Aspirin Pain Inflammation 20 Tablets 500mg

Aspirin Pain and Inflammation is a drug based on acetylsalicylic acid (500 mg per tablet) indicated for the symptomatic treatment of mild and moderate pain, as well as to reduce inflammatory conditions. Thanks to its analgesic, anti-inflammatory and antipyretic properties, Aspirin is effective in reducing muscle pain, headache, toothache and in controlling fever.

ACTIVE INGREDIENTS

Active ingredients contained in Aspirin Pain Inflammation 20 Tablets 500 mg - What is the active ingredient of Aspirin Pain Inflammation 20 Tablets 500 mg?

Each tablet contains 500 mg of acetylsalicylic acid. Excipients with known effect: One coated tablet contains 3.12 mmol (or 71.7 mg) of sodium. For the full list of excipients, see section 6.1.

EXCIPIENTS

Composition of Aspirin Pain Inflammation 20 Tablets 500 mg - What does Aspirin Pain Inflammation 20 Tablets 500 mg contain?

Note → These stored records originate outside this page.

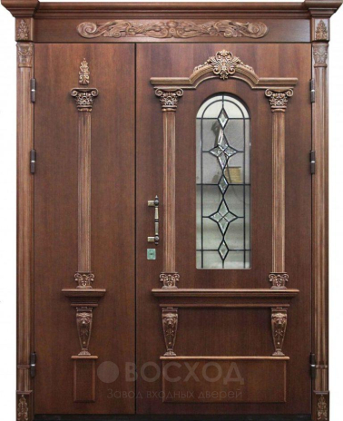 Витражная дверь №337 создана для тех, кто хочет добавить в дом не только надёжность, но и выразительный декоративный акцент. Панели из массива дерева формируют благородный облик и гармонично сочетаются с витражом, который пропускает мягкий свет и оживляет входную зону, не снижая при этом уровня приватности. Натуральное дерево стойко переносит перепады температуры и механические воздействия, сохраняя изысканный внешний вид на протяжении многих лет. В основе конструкции — стальной каркас с листом металла толщиной 2 мм и рёбрами жёсткости, обеспечивающими прочность и устойчивость к нагрузкам. Два контура уплотнения и система блокираторов делают эксплуатацию комфортной и безопасной, а при желании дверь можно дополнить шумо- или теплоизоляцией. Такое решение одновременно подчёркивает статус хозяев и дарит дому атмосферу уюта и света.
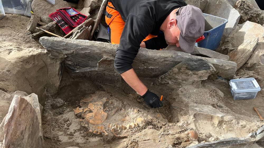 Arkeologer ved museet har gjort et sensasjonelt funn av en såkalt hellekistegrav som trolig er 4000 år gammel - altså fra 2000 år før Kristus da vi i Norge startet med jordbruk og like gammel som pyramidene i Egypt. - Det er første gang, og helt spesielt i norsk målestokk, at det er funnet en sikker hellekiste med så mange graver, sier seksjonsleder ved Universitetsmuseet Morten Ramstad.
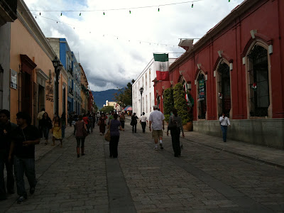 As you can see in the photos, Oaxaca is beautiful! The photos above are near the town center, where we stayed, and the photo below is out in the country, where we drove to meet the rug producers. I couldn’t get over the big, open sky and the mountains in the distance.

Tablet core: colloidal silicon dioxide, sodium carbonate. Coating: carnauba wax, hypromellose, zinc stearate.

DIRECTIONS

Therapeutic indications Aspirin Pain Inflammation 20 Tablets 500 mg - Why is Aspirin Pain Inflammation 20 Tablets 500 mg used? What is it used for?

Symptomatic treatment of fever and/or mild to moderate pain, such as headache, flu-like syndrome, toothache, muscle aches.

CONTRAINDICATIONS

Contraindications Aspirin Pain Inflammation 20 Tablets 500 mg - When should Aspirin Pain Inflammation 20 Tablets 500 mg not be used?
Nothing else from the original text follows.